Well-behaved callbacks are important to maintain two essential properties of the interface. The first of these is that unrelated tracing engines should not interfere with each other. If your engine's event callback does not return quickly, then another engine won't get the event notification in a timely manner. The second important property is that tracing should be as noninvasive as possible to the normal operation of the system overall and of the traced thread in particular. That is, attached tracing engines should not perturb a thread's behavior, except to the extent that changing its user-visible state is explicitly what you want to do. (Obviously some perturbation is unavoidable, primarily timing changes, ranging from small delays due to the overhead of tracing, to arbitrary pauses in user code execution when a user stops a thread with a debugger for examination.) Even when you explicitly want the perturbation of making the traced thread block, just blocking directly in your callback has more unwanted effects. For example, the CLONE event callbacks are called when the new child thread has been created but not yet started running; the child can never be scheduled until the CLONE tracing callbacks return. (This allows engines tracing the parent to attach to the child.) If a CLONE event callback blocks the parent thread, it also prevents the child thread from running (even to process a SIGKILL). If what you want is to make both the parent and child block, then use utrace_attach_task on the child and then use UTRACE_STOP on both threads. A more crucial problem with blocking in callbacks is that it can prevent SIGKILL from working. A thread that is blocking due to UTRACE_STOP will still wake up and die immediately when sent a SIGKILL, as all threads should. Relying on the utrace infrastructure rather than on private synchronization calls in event callbacks is an important way to help keep tracing robustly noninvasive.
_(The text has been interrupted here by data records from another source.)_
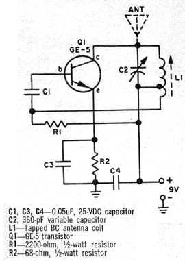 Este circuito fue indicado en el artículo de la revista americana Electronics Hobbyst del invierno de 1971. La revista ya no existe, pero el proyecto se puede montar con la utilización de un transistor BC548 o BF494. Para la banda de onda corta de 3 a 10 MHz enrolle 30 espiras de hilo 28 AWG en un bastón de herida de 10 a 15 cm de longitud con toma en la 10ª espira a partir del cuadro de tierra (R1). La antena puede ser telescópica y la alimentación tanto con 4 pilas como una batería de 9 V. C2 es una variable común tomada de una radio AM. Los capacitores deben ser cerámicos.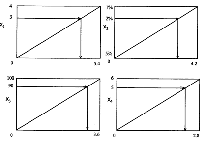 Система баллов строится следующим образом. Допустим,что установленные в табл. 5.3 весомости параметров характерны для группы приборов одного назначения: X1 — количество измеряемых параметров, Х2 — точность измерений, %, Х3 — пределы измерений основного параметра, Х4 — количество измерений в единицу времени. Максимальные значения параметров для данной группы приборов следующие: X1 — 4, Х2 — ± 5%, Х3 — 100 и Х4 — 6 измерений в минуту. По этим значениям параметров и их весомости (см. табл. 5.3) строится система баллов для прогнозирования полезного эффекта новых приборов данного класса (рис. 5.2).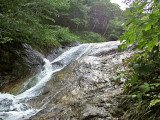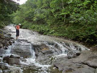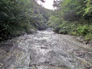 2011/9/9(7:46) 下から上流方向を見る。 流れは緩やかで、スニーカーでは靴の中に水が 入ってしまうが、登山靴なら水はほとんど 入らないという感じである。 また、この川は、強酸性のため、水の流れている 所には苔が生えない。そのため、水が流れている 所を歩いた方が滑りにくいという。 |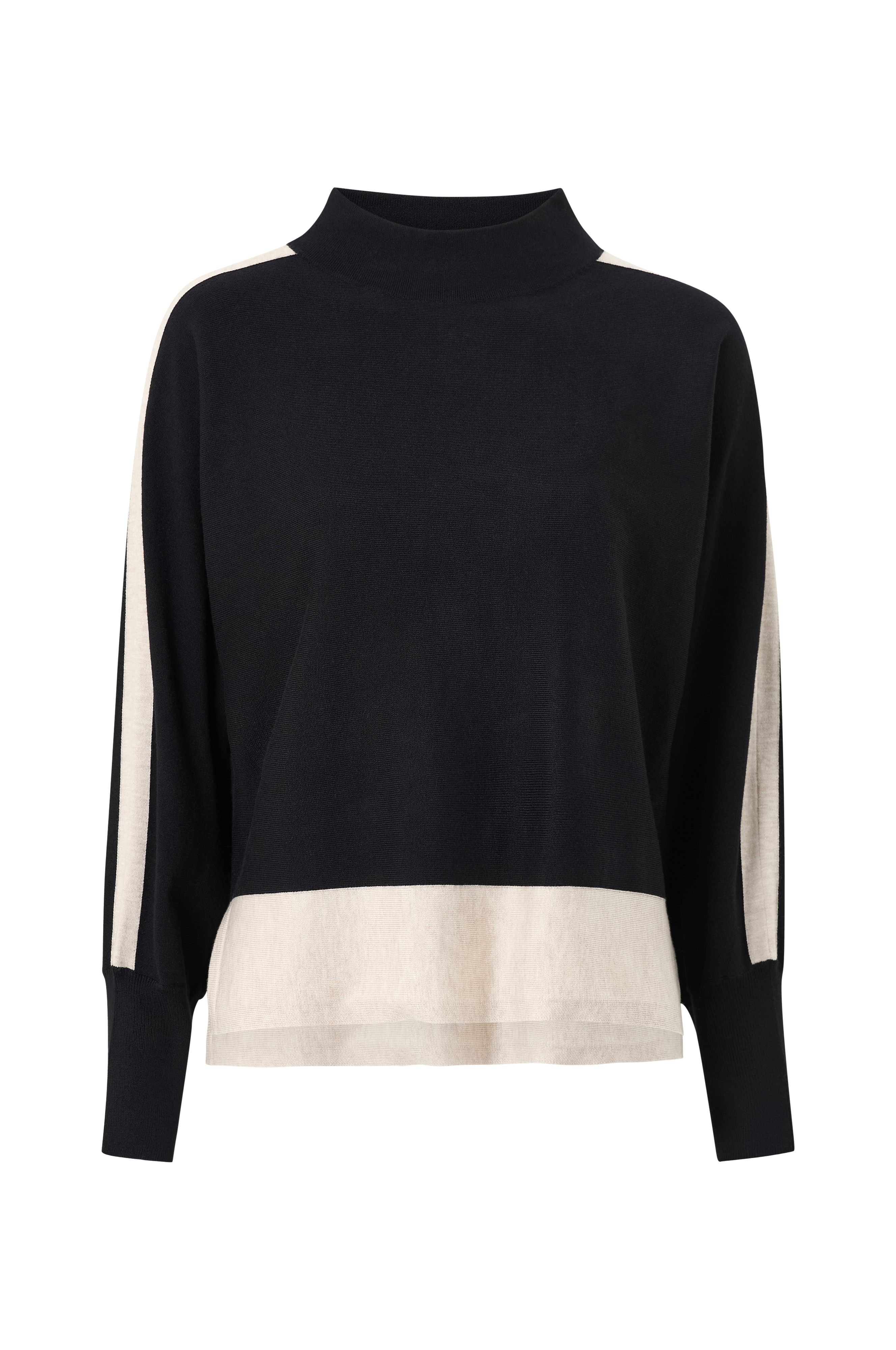 • Lange ermer med brede ribbet mansjetter i ermeslutten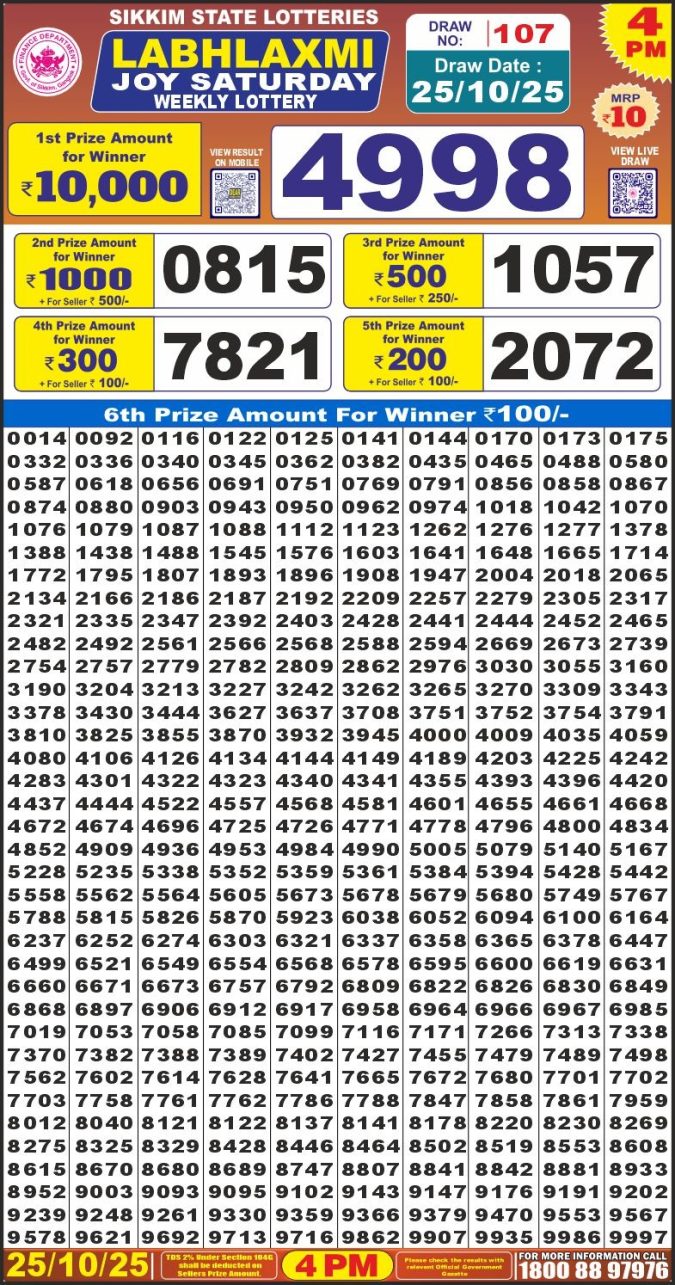 Labh Laxmi Joy Weekly 4pm Result 25.10.2025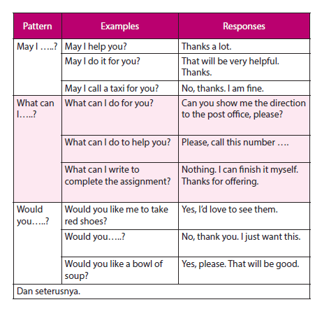 Anak anak kemarin kalian sudah mengerjakan reading dan sudah paham kah kalian pola dari menawarkan jasa? kalian tentu juga memperhatikan ekspresi dalam menawarkan bantuan dan jasa pada dialog kemarin ya, kalian lihat di bawah ini adalah pola untuk menawarkan bantuan dan jasa disertai responnya.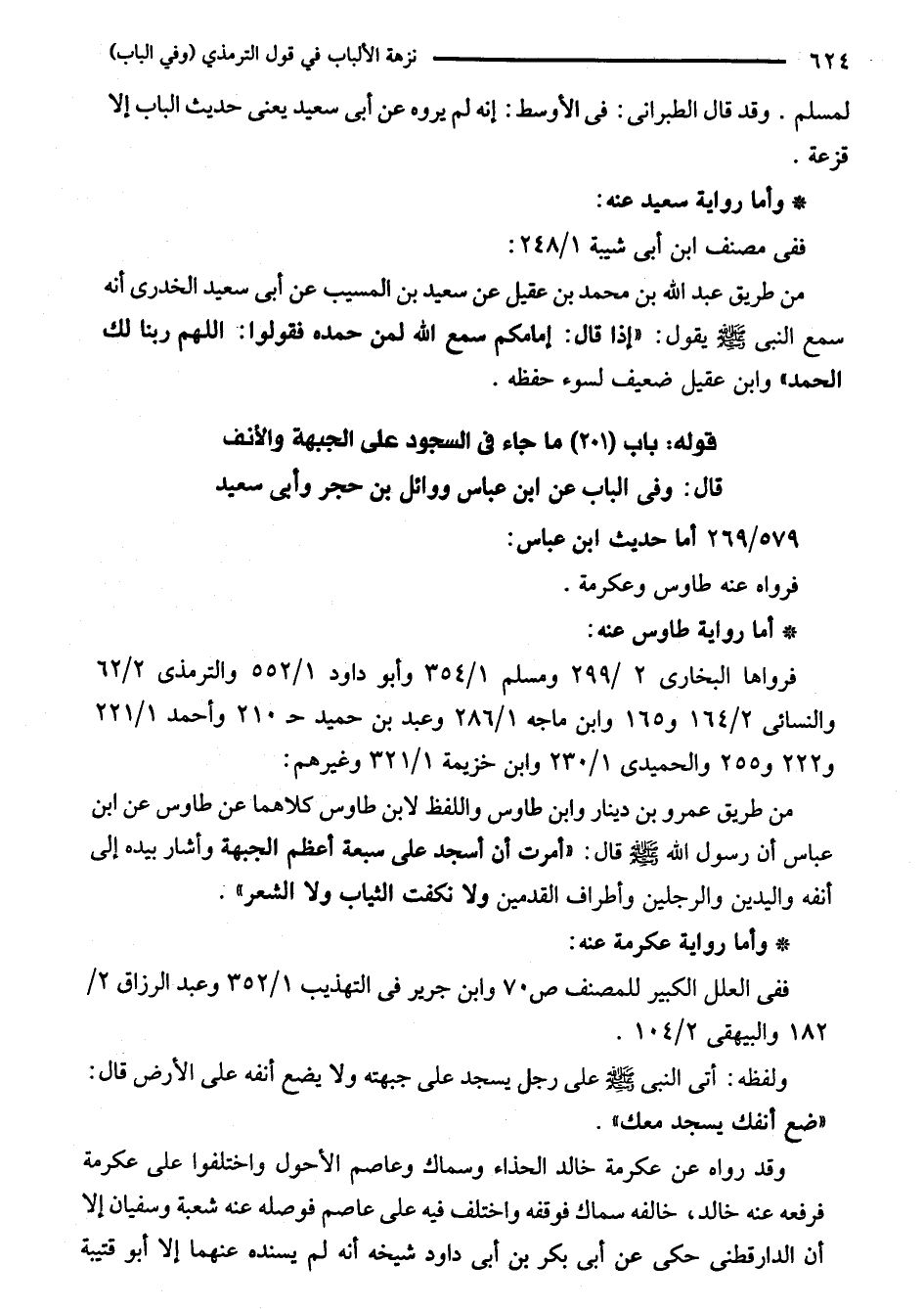 قوله: باب (201) ما جاء في السجود على الجبهة والأنف
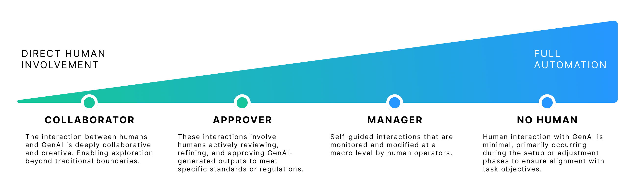 The four archetypes mapped human engagement across the AI workflow spectrum. Collaborator (deep co-creation and idea exploration), Approver (oversight and refinement of AI outputs), Manager (monitoring automated tasks with guardrails), to full automation.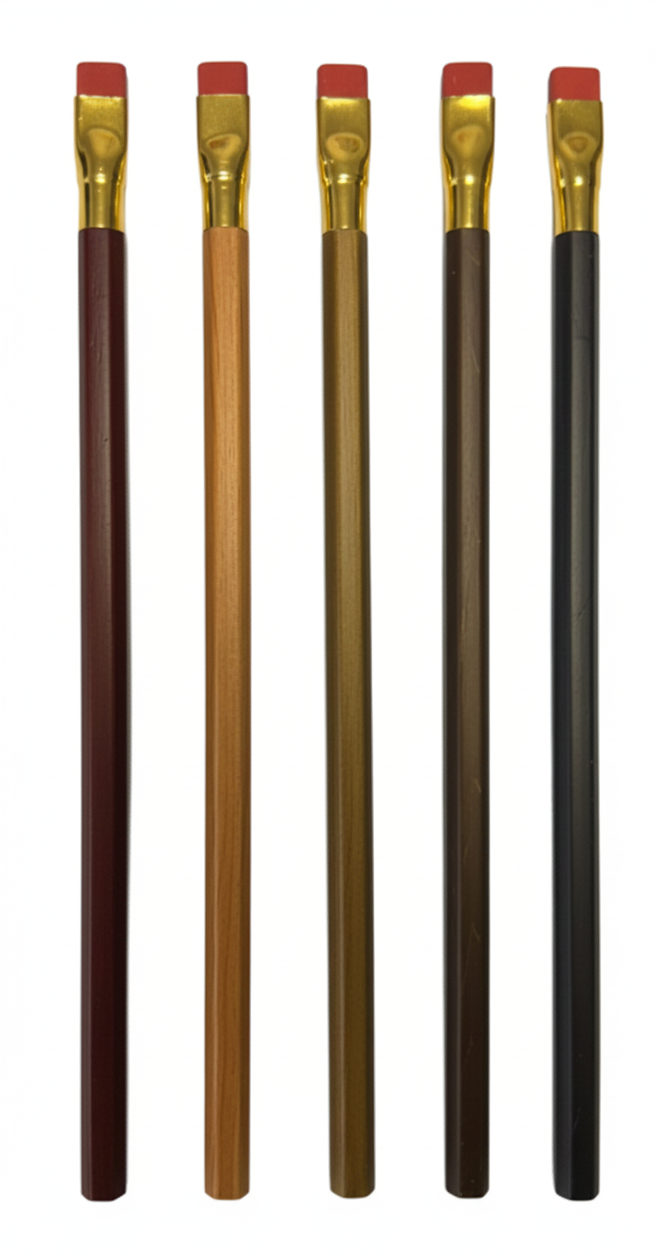 Lápiz de grafito negro con cuerpo hexagonal y acabado en colores sólidos. Un clásico de papelería funcional y versátil, pensado para proyectos de merchandising cultural, educativo y corporativo.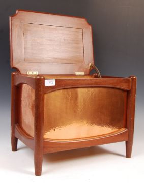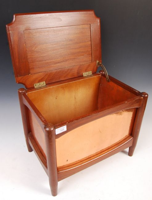 A 1970's 20th century retro vintage teak ottoman / lidded storage box having recessed copper beaten panels with teak hinged top. All raised on short tapering legs. Measures; 35cm x 45cm x 30cm.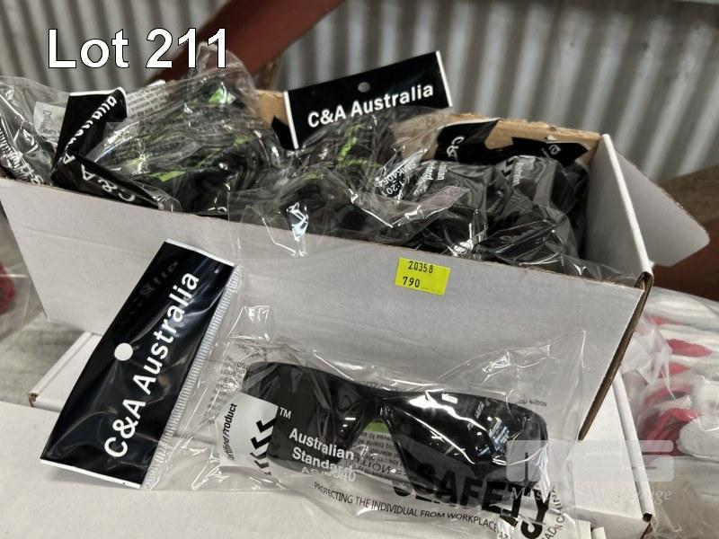 24 x PAIRS, SUEDE GLOVES, FRONTIER, SWAGGY SIZE: SMALL (2 x PACKS) & 36 x PAIRS SAFETY GLASSES, C&A AUSTRALIA, SMOKE 3 x BOXES AS NEW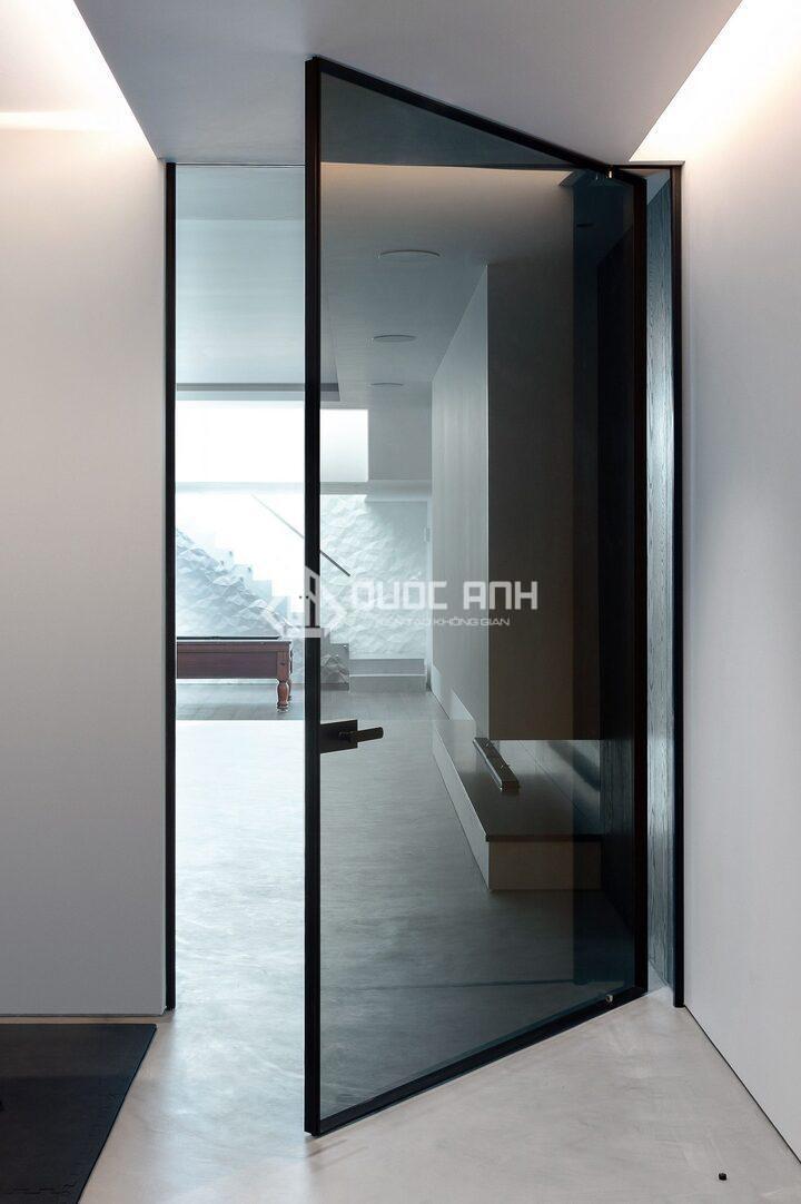 - Cửa ngăn phòng lắp kèm vách ngăn kính: thông dụng nhất là cửa 1 cánh bản lề sàn (cửa thủy lực 1 cánh) hoặc cửa kính trượt lùa.

To control another thread and access its state, it must be stopped with UTRACE_STOP. This means that it is stopped and won't start running again while we access it. When a thread is not already stopped, utrace_control returns -EINPROGRESS and an engine must wait for an event callback when the thread is ready to stop. The thread may be running on another CPU or may be blocked. When it is ready to be examined, it will make callbacks to engines that set the UTRACE_EVENT(QUIESCE) event bit. To wake up an interruptible wait, use UTRACE_INTERRUPT.

As long as some engine has used UTRACE_STOP and not called utrace_control to resume the thread, then the thread will remain stopped. SIGKILL will wake it up, but it will not run user code. When the stop is cleared with utrace_control or a callback return value, the thread starts running again. (See also the section called “Tear-down Races”.)